Wag Audio book cover

Written by: Laura

Laura is founder of Easy Peasy Obedience, and works in positive methods based on teamwork and games, and with focus on minimising frustration in the training - for both dog and human.

Published: December 9, 2021

Remember, every time you push too far and too fast, you are undoing your previous work. Be the tortoise! 

Deborah A. Jones

Why did I get this book?

Amazon made me. Plain and simple. Okay, the actual story was that I was looking for another book, which I’ve blissfully forgotten the title of and never got around to buying when Amazon was kind enough to pop this title onto my screen. I really want to say that this is usually not how I pick my books, but truth to be told, I got distracted by this new shiny and popped it in the basket, and headed off to checkout. It happens a lot. But honestly, husbandry is super-important, and by the time I selected my shipping address, I was extremely pumped about finding this book.

What does this book do?

What it says on the can. And a little more.
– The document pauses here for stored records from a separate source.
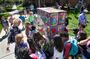 During a debut of the art installation, Biskupski spoke to a group of the school’s third graders whose art was featured on the box.
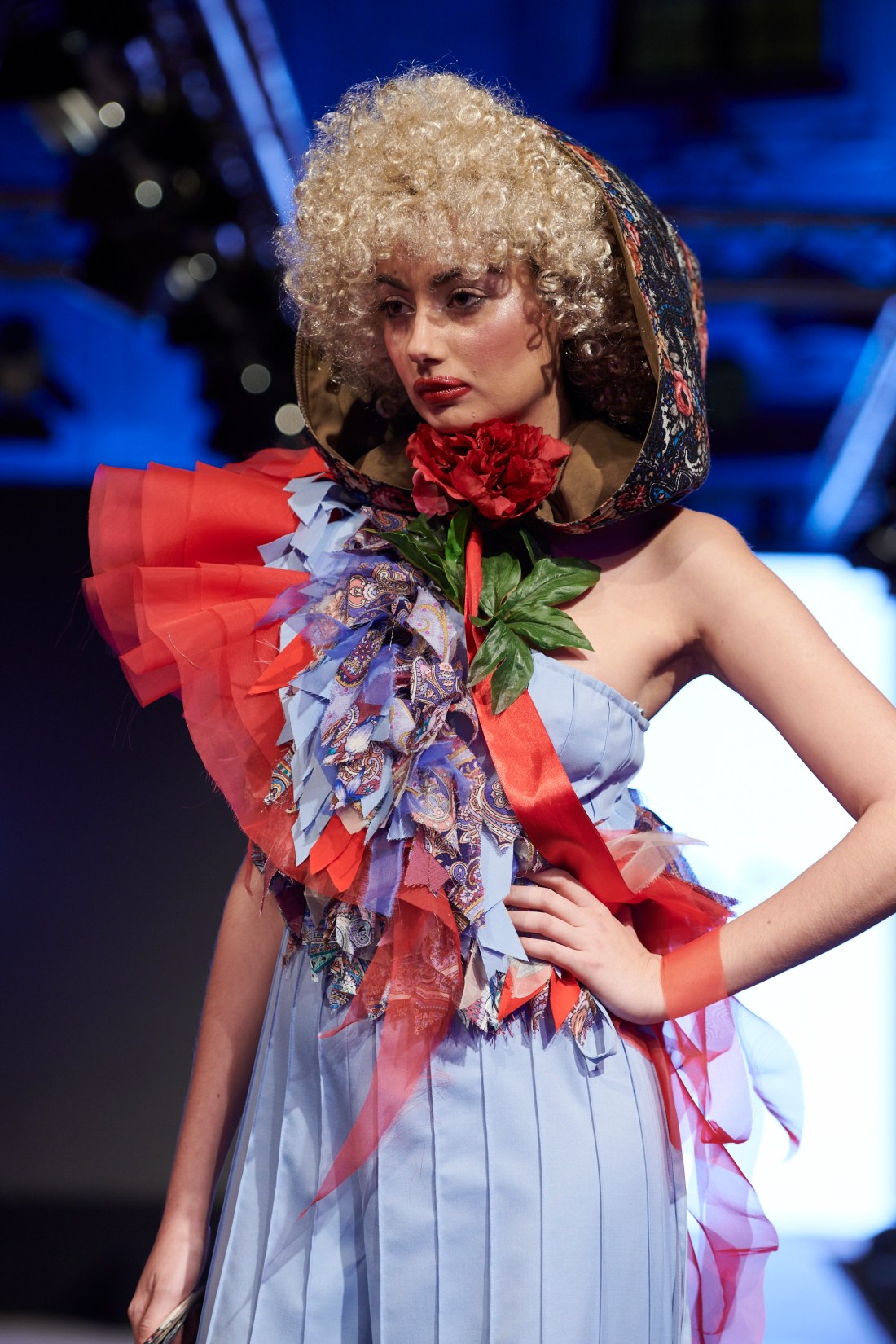The designer combined national colours, military prints and decorative elements with different textures such as silk, organza and lace to create a lovely, original collection. The combination of military colours together with softer shades created something quite unique.
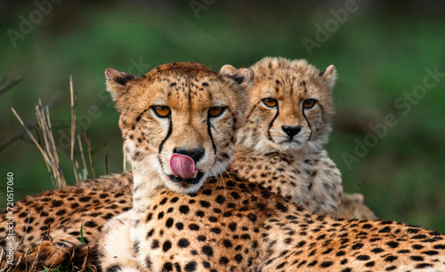 Fototapeta - Female cheetah and her cub, Zimanga Private Game Reserve, KwaZulu Natal.
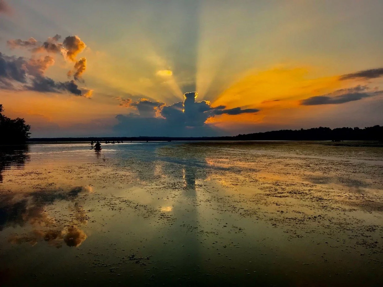 Kayaking into crepuscular rays, Jerry Nissley
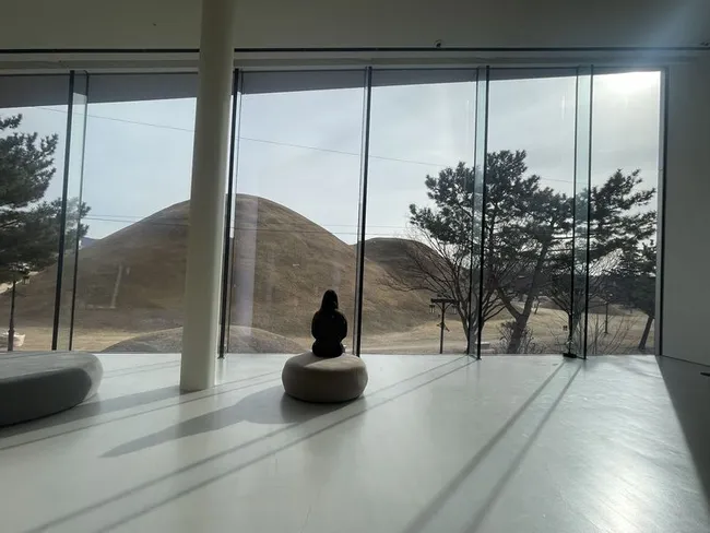 홍익대 유현준 교수가 설계한 이 미술관은 리브 글라스 공법으로 창틀을 최소화한 파노라마 뷰, 종이접기처럼 꺾은 박공 지붕으로 역동적인 천장 높이 변화, 반사유리를 통한 경계 흐림 등으로 방문객과 미술, 고분 사이의 관계를 조율하는 건축 장치로 작동한다.
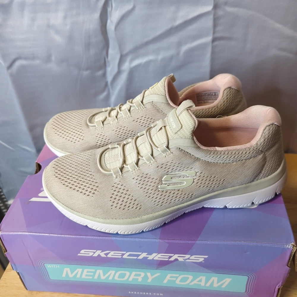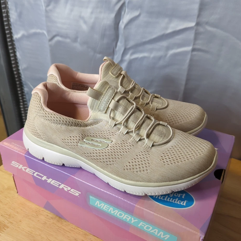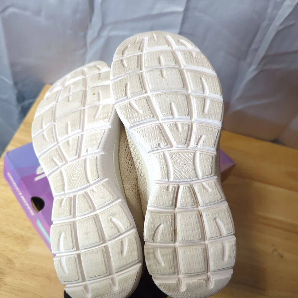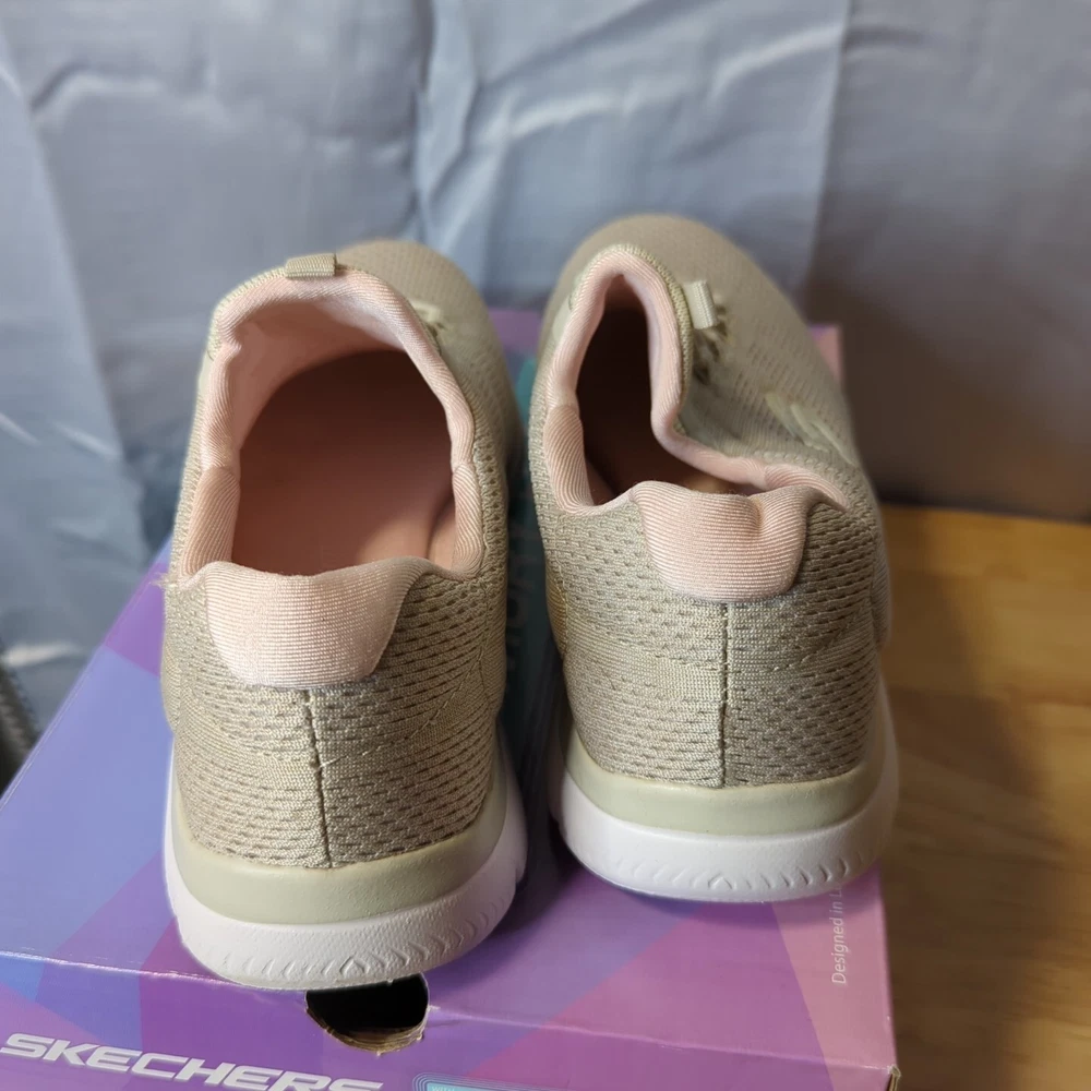 Women's Sketchers memory foam Slight wear on bottoms not too bad comes in box ! 7.5 light pink/nude
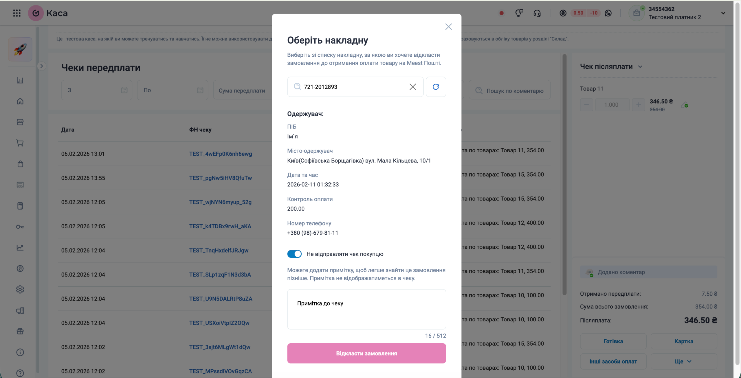 Натисніть «Відкласти замовлення». Після цього чек відобразиться у загальному списку чеків зі статусом відкладеного замовлення до моменту фактичної оплати покупцем.
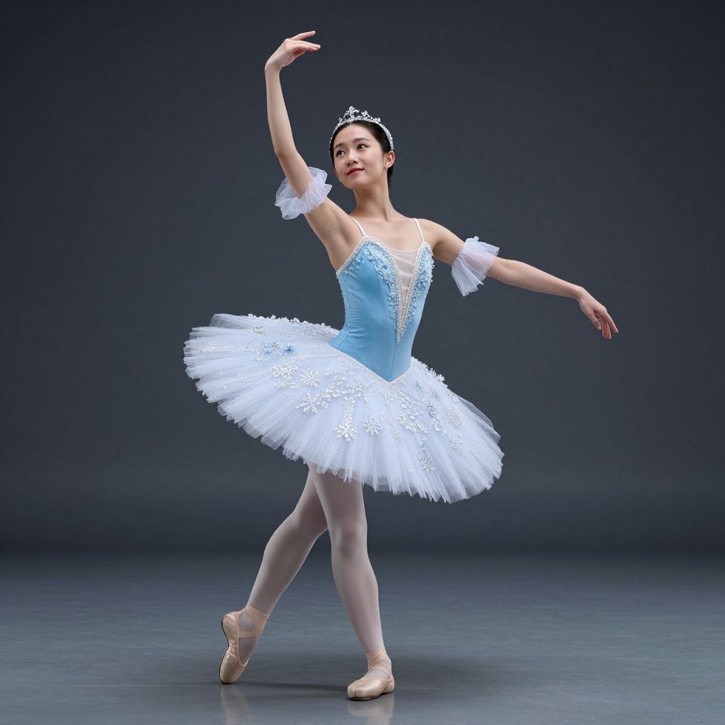 Photograph of a young Asian ballerina in a blue and white tutu, tiara, and pointe shoes, gracefully dancing against a dark
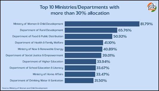 शीर्ष 10 मंत्रालय/विभाग जिन्होंने वित्त वर्ष 2025-26 के लिए लैंगिक बजट में अपने आवंटन का 30 प्रतिशत से अधिक हिस्सा देने की सूचना दी है:
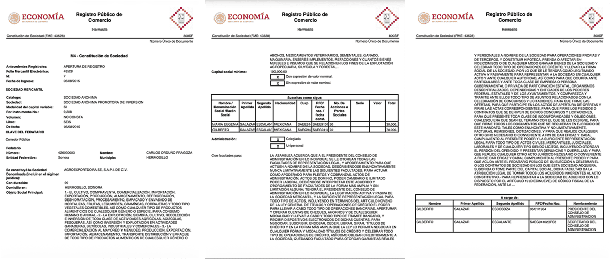 Aunque la causa penal no menciona quiénes son los accionistas o representantes de Agronegocio SE y Agroexportadora SE, MCCI pudo comprobar, mediante una búsqueda en registros mercantiles, que detrás de ellas se encuentra Gilberto Salazar Escoboza, quien preside el Consejo de Administración en ambas empresas. Mientras que sus hijos, María Eugenia y Gilberto Salazar Escalante, son los accionistas de las dos compañías.
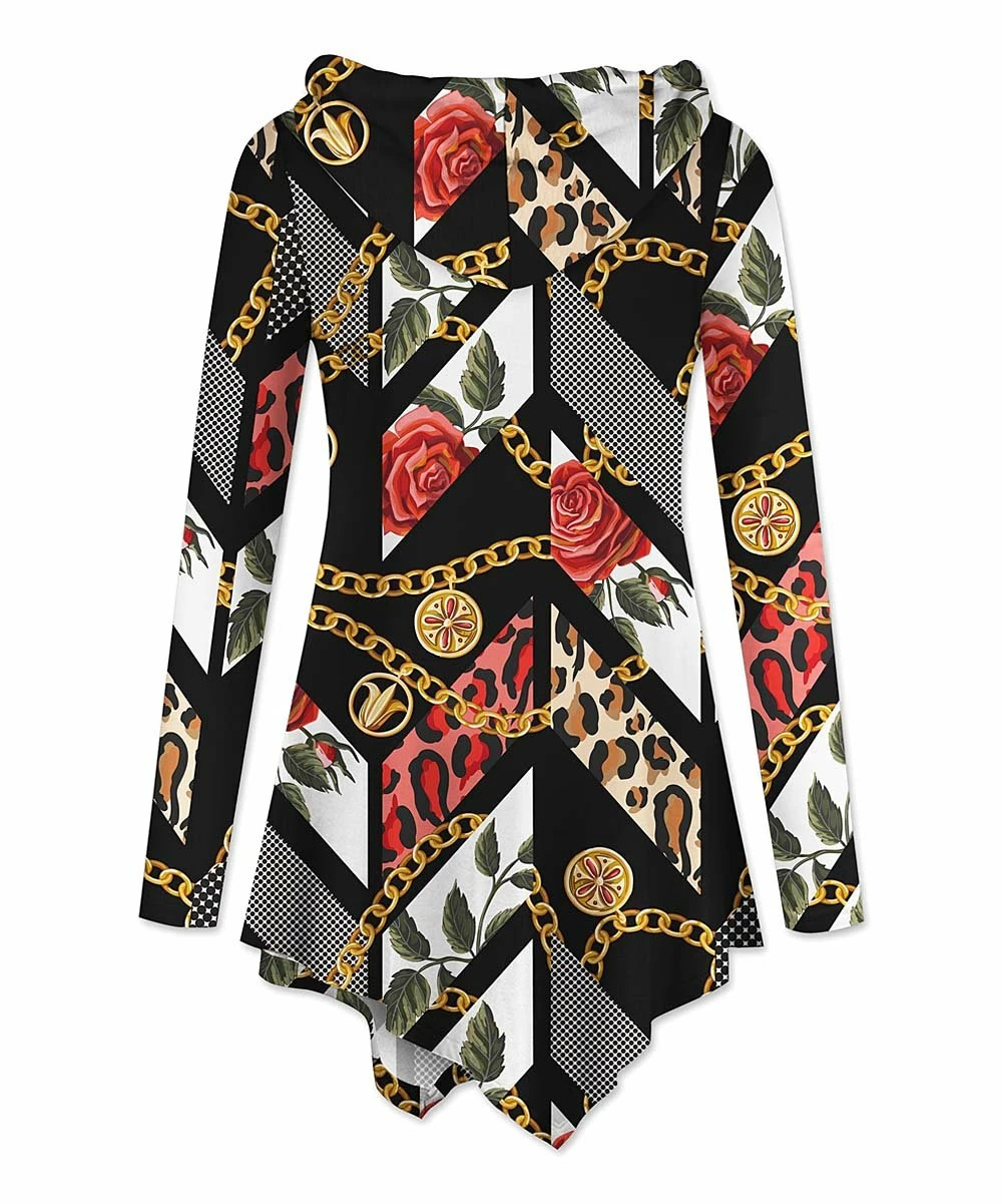 Show off your fashion instincts in this patterned hoodie created with stretchy knit fabric for comfortable style. A unique handkerchief hemline adds a trend-driven finishing touch.
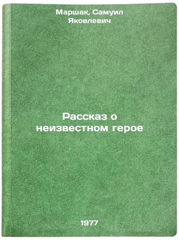In Russian. Marshak, Samuil Yakovlevich. The Story of an Unknown Hero. Moscow: Det. lit., 1977. All images are for identification of editions only. Several books of the same edition may be available. Please feel free to request photos of available books. SKU7686186
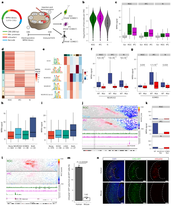 (a) 人类皮质类器官中immunoMPRA的实验概述。 (b) 小提琴图和箱线图,显示每个 CRE 获得的独特条形码的数量。(c) 箱线图显示对照和与 RGC或 IPC增强子 相关的显著活跃 CRE的 MPRA 信号。 (d) 所有细胞类型中显著活性cre的k -均值聚类。 (e) 热图显示五个重要 CRE 聚类的基序富集。 (f-g) 箱线图显示含有野生型 (WT) 或突变 (Mut) NEUROG2或 EOMES TF 基序的 IPC 中显著活跃的 CRE 的细胞类型特异性 MPRA 信号 。 (h-i) 箱线图显示包含所示基序的显著活跃的CRE在 IPC和 RGC中的 MPRA 信号。(j) PCDH9基因座上 RGC 和 IPC 的接触图、GpC 可及性和基因表达。(k) 条形图显示(j)中所示的 CRE在有或没有基序突变的情况下的 MPRA 活性。 (l) 与(j)相同,但针对FBXO32基因座。 (m) 条形图显示 通过 FACS 定量的GFP +细胞群中 mScarlet +细胞的百分比。 (n)代表性免疫荧光图像。
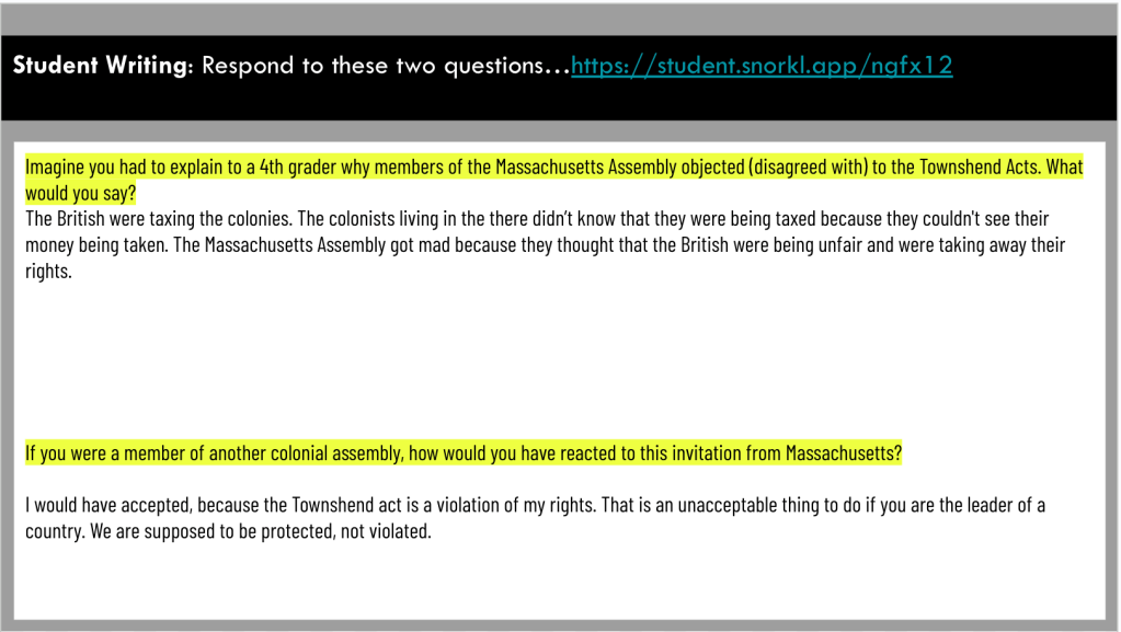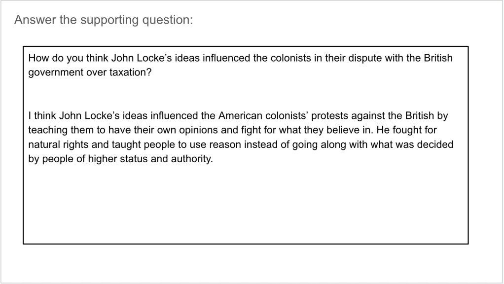 To close the loop, students answered our supporting question: How did John Locke’s ideas influence the colonists in their dispute with the British government?
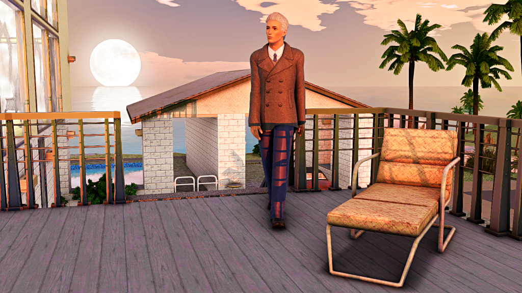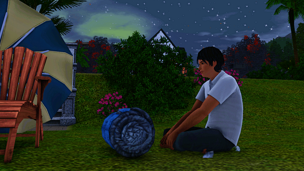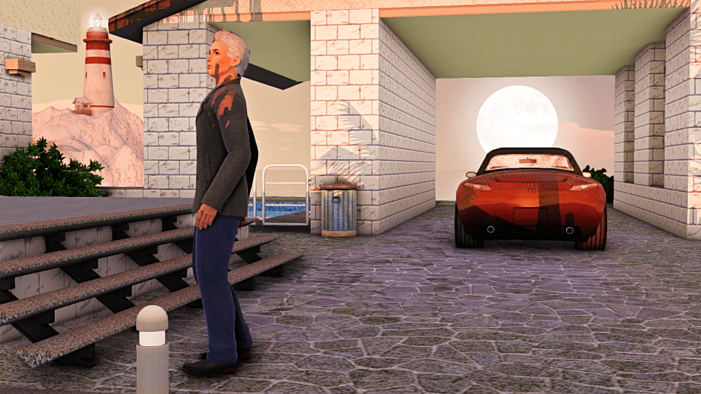 Anyway, here we see Locke, returning home after a long night in the valley. We don’t know exactly where he’s coming from, whether it’s work or a party. Locke works in Professional Sports, he’s currently a League MVP (Level 8), his traits are Good Sense of Humor, Technophobe, Vehicle Enthusiast, Excitable and Artistic. Quite a combination!
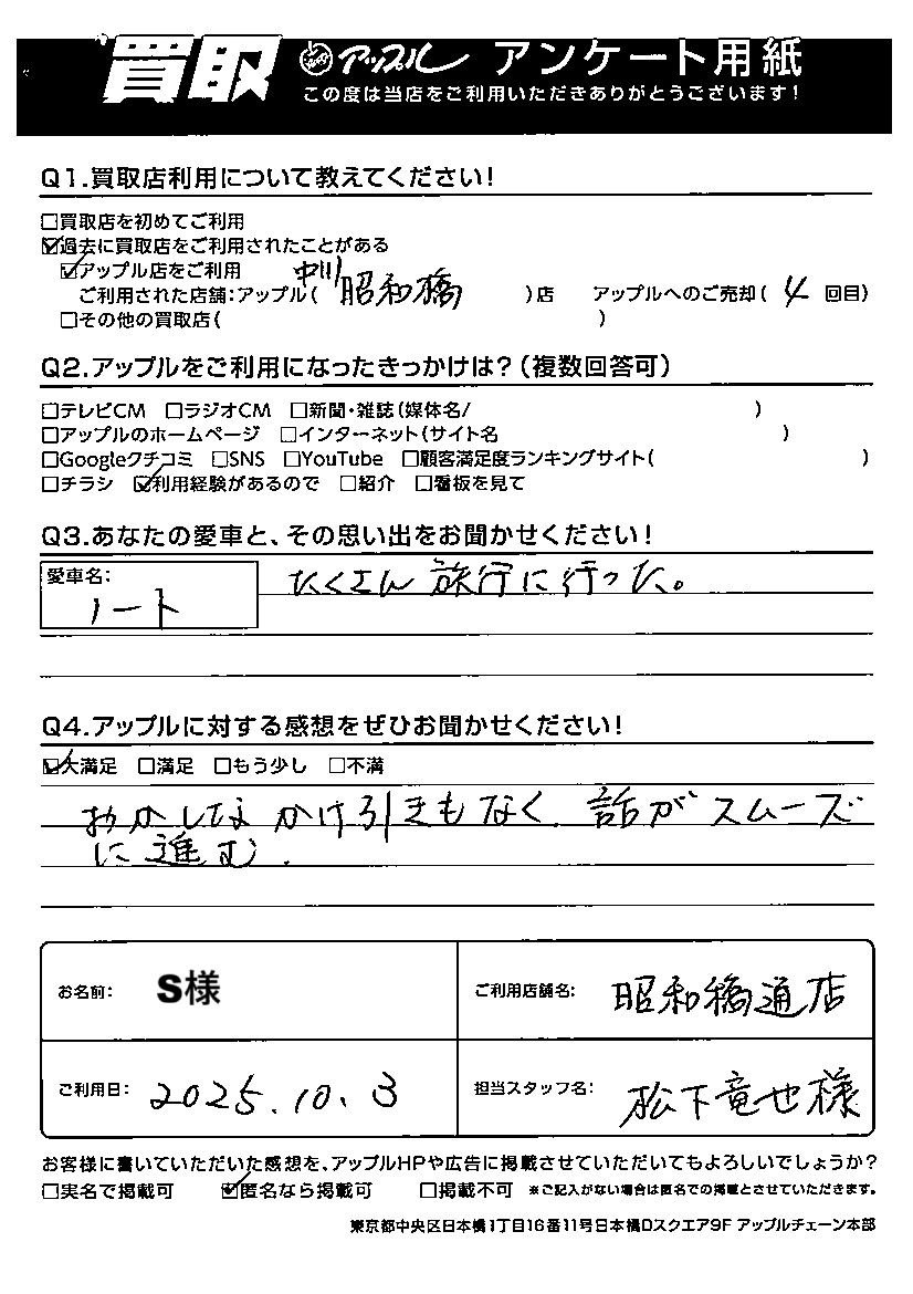 ご利用日:2025/10/03 S 様
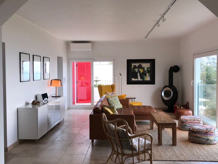 Meerblick von allen Zimmern, ruhige Wohnlage, moderne hochwertige Ausstattung, Natursteinböden-/fliesen, top-moderne Einbauküche, neue Travertin-Natursteinbäder, vollklimatisiert, Fußbodenheizung, Kaminofen, Waschmaschine, Trockner, kostenlose Parkmöglichkeit in unmittelbarer Nähe.

It absolutely takes you through 7 steps to achieve great results, but it also comes with a basket of case studies, from real people, with real dogs, and real struggles. In short, it offers the reader a mirror to reflect themselves in and that is always a good thing. There’s not so much noise around the seven steps, in fact, only 45 pages of the book’s 135 pages are introductory stuff and thoughts, including the case reviews.
Each step comes with a neat little checklist at the end, to help ensure you’re taking the steps in the right order, and it does a wonderful job at stressing how slow and steady win all the races. Both with husbandry and any other kind of training. There are plenty of pictures to help the reader understand the steps and at the end of each chapter, I was pumped to get going, but like the good little wannabe chef that I am, I sat down and finished reading the entire recipe. A decision that was worth it, to be honest. Because when you reach step 5, you’re in for a little chuckle if you took the steps in order. If you didn’t, slightly red ears might ensue, because the chapter starts right out with calling those out who tried to skip steps. This is truly one of the things I came to love about this book. That it stresses the importance of splitting, starting from the bottom and working your you up. There are no shortcuts in dog training. Or husbandry, for that matter. This book should be a household item in dog homes. Especially for the super neat section on muzzle training that’s in it. And it even tastes great, says Nikuya.

What does this book not do?

Well, this is actually a really good question this time. I don’t feel like I’m missing anything much here, considering the subject of the book. If I really had to get nit-picky about it, colour photos would have been super nice. But I’m also fairly aware of how colour print affects the printing price. I also could probably have lived without the short testimonials that dot each chapter, but those are extremely easy to skip, so it’s no big deal.

Where do I get this book?

Well, you can always see if Amazon gets pushy about your searches, and I think it’s one of the main sellers of this book because I did not manage to sniff it out locally anywhere. For what it’s worth, even the author’s own website links back to Amazon so… it will set you back approx $15+ shipping and once you’ve read it, it will likely cost you vast amounts of time in training, but you know what? That’ll be worth it.